Time of birth: 4:10 PM. A mere 20 minutes from the time the doctor checked me and said I was an 8, to baby born.

A little bit blue in the face from the cord being wrapped around her neck.
Brand new!
Hospital stats:
7 lbs. 15 oz.
21.5 in
We did it!
We did it! And I say 'we' because Shane was right there with me, holding my hand through each contraction and giving me strength when I needed it most.

I was so worried about so many things that really didn't matter in the end. She was a whole pound lighter than Mesa, even after two extra weeks of incubating. She just really wasn't ready to come out yet. It really reaffirmed to me that the baby and your body know best and that she really needed to wait those extra two weeks. 

Rain and Mesa meeting their new sister. What fun! Three girls: ages 3 and under!
The girls came to say hello (we found out later they weren't supposed to come to the hospital because of RSV season, but oh well).

Rain taking care of the baby.
Rain has quickly adopted the "mother" role and says she needs to take care of her. She loves to give her kisses and rub the hair on her head. She likes to hold her and always watches in case her binky falls out so she can put it back in her mouth.

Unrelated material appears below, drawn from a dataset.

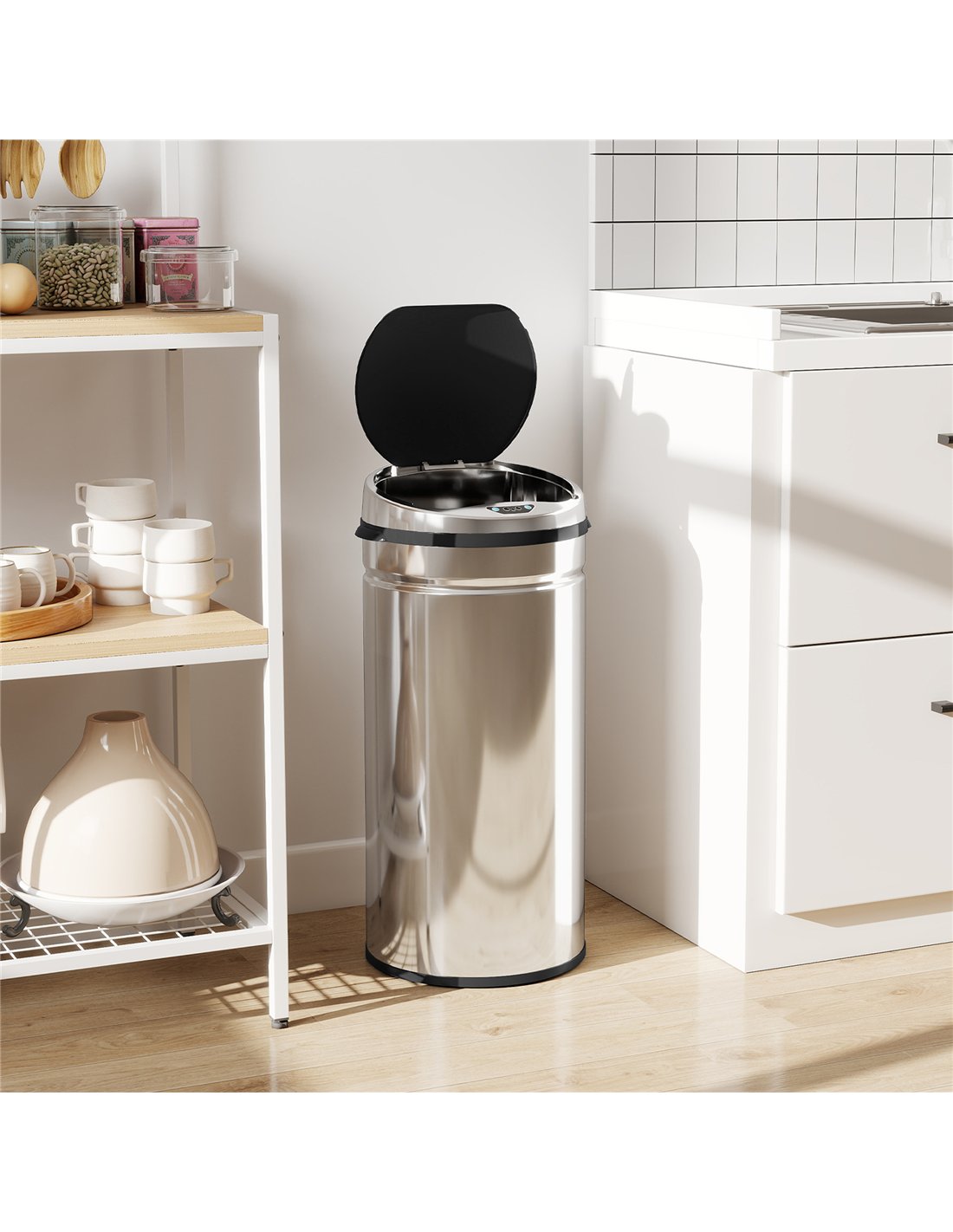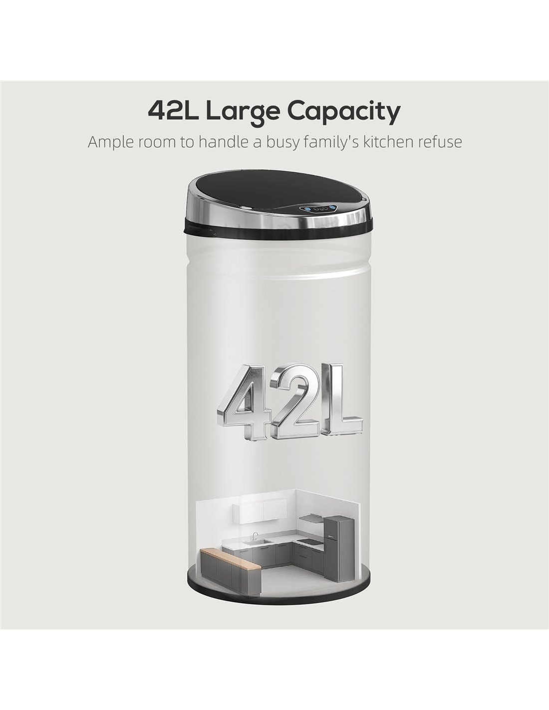 - A: The HOMCOM 42L Stainless Steel Sensor Bin has a generous 42-litre capacity, holding more waste for fewer bag changes.

Mesa thought she was interesting at first, but is struggling with relinquishing her "baby of the family" role. If I am holding the baby, she won't let me touch her. She will be crying and won't let me give her a hug until I "mose baby" (move baby). She also asks me to "care" (carry) her more these days. I hope we can adjust soon.

Meeting Paca and PacaMa - my parents.
And alas, we still have not named her. Shane could have named her at the hospital, but I am still having an internal struggle with feeling right about her name. She is so sweet and mellow. I have lots of feelings bottled up inside about her, but nothing that can translate into a name yet.

Getting bundled up and ready to go home!